_PROBLEM STATEMENT_: Across all the records below, count the lines that hold "oder". State only that figure.
##### DATA TO PROCESS
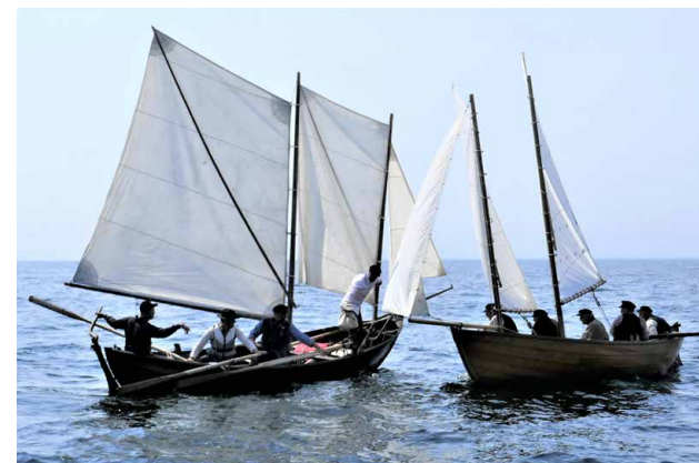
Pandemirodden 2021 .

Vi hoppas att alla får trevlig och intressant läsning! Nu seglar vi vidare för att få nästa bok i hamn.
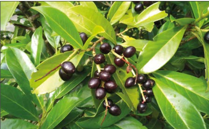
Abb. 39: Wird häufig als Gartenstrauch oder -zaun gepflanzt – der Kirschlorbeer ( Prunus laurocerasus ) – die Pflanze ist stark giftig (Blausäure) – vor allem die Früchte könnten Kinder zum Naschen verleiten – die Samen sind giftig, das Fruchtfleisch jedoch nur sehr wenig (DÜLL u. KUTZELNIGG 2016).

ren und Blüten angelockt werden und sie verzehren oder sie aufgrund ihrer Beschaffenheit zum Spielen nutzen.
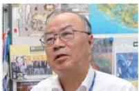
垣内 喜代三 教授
##########
_SOLUTION FOR THIS PROBLEM_: 2